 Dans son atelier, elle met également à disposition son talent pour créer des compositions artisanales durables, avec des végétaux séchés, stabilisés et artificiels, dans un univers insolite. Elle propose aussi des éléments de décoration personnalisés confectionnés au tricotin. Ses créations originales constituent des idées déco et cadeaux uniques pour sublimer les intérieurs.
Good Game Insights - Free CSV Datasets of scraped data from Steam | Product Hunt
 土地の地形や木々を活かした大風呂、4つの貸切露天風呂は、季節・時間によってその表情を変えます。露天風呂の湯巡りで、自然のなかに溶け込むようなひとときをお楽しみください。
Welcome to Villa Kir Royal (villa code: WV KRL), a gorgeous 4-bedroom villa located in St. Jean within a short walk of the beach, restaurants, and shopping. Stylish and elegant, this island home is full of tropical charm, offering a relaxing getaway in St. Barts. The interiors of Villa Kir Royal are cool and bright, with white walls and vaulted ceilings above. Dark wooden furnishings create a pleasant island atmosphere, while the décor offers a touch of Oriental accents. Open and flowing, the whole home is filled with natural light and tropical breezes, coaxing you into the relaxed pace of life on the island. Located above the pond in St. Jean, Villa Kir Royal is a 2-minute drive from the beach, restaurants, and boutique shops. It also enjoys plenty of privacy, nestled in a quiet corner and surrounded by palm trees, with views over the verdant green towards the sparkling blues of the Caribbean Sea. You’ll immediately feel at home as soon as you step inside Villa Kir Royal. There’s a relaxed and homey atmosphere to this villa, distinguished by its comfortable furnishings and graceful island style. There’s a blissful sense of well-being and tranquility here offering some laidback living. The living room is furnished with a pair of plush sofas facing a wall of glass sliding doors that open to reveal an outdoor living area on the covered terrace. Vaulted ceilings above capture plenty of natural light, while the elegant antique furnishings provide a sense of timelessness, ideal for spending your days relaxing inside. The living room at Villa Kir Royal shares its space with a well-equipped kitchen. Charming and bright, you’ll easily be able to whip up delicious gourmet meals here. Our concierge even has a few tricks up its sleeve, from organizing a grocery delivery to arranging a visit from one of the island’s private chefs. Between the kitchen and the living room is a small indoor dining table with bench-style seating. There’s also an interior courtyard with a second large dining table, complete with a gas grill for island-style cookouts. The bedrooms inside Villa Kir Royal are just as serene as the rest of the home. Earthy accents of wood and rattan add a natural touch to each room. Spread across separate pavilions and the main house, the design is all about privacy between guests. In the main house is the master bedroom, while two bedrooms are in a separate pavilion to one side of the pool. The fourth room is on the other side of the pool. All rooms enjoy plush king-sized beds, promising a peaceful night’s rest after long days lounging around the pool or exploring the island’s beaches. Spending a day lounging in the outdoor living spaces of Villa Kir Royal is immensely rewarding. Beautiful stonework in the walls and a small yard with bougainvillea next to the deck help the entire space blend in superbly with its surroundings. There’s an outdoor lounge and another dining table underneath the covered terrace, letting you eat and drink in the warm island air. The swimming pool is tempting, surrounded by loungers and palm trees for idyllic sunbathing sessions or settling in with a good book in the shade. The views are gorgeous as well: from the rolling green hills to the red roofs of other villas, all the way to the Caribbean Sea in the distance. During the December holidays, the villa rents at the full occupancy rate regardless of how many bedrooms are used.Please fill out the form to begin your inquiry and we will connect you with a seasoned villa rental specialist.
---
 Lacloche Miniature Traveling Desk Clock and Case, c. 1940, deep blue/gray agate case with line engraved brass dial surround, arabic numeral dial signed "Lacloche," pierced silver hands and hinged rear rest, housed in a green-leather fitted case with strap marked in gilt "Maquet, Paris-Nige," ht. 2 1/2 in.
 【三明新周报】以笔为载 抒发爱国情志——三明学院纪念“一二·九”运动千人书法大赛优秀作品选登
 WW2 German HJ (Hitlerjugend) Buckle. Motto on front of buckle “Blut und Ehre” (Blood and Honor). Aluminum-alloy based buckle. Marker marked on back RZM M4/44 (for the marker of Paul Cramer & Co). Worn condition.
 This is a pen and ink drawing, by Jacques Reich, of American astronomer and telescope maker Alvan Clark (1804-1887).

• Task item:
Print exactly the lines above from the one with "Dans son atelier, elle" to the one with "土地の地形や木々を活かした大", including both.

• Solution to the exercise:
 Dans son atelier, elle met également à disposition son talent pour créer des compositions artisanales durables, avec des végétaux séchés, stabilisés et artificiels, dans un univers insolite. Elle propose aussi des éléments de décoration personnalisés confectionnés au tricotin. Ses créations originales constituent des idées déco et cadeaux uniques pour sublimer les intérieurs.
Good Game Insights - Free CSV Datasets of scraped data from Steam | Product Hunt
 土地の地形や木々を活かした大風呂、4つの貸切露天風呂は、季節・時間によってその表情を変えます。露天風呂の湯巡りで、自然のなかに溶け込むようなひとときをお楽しみください。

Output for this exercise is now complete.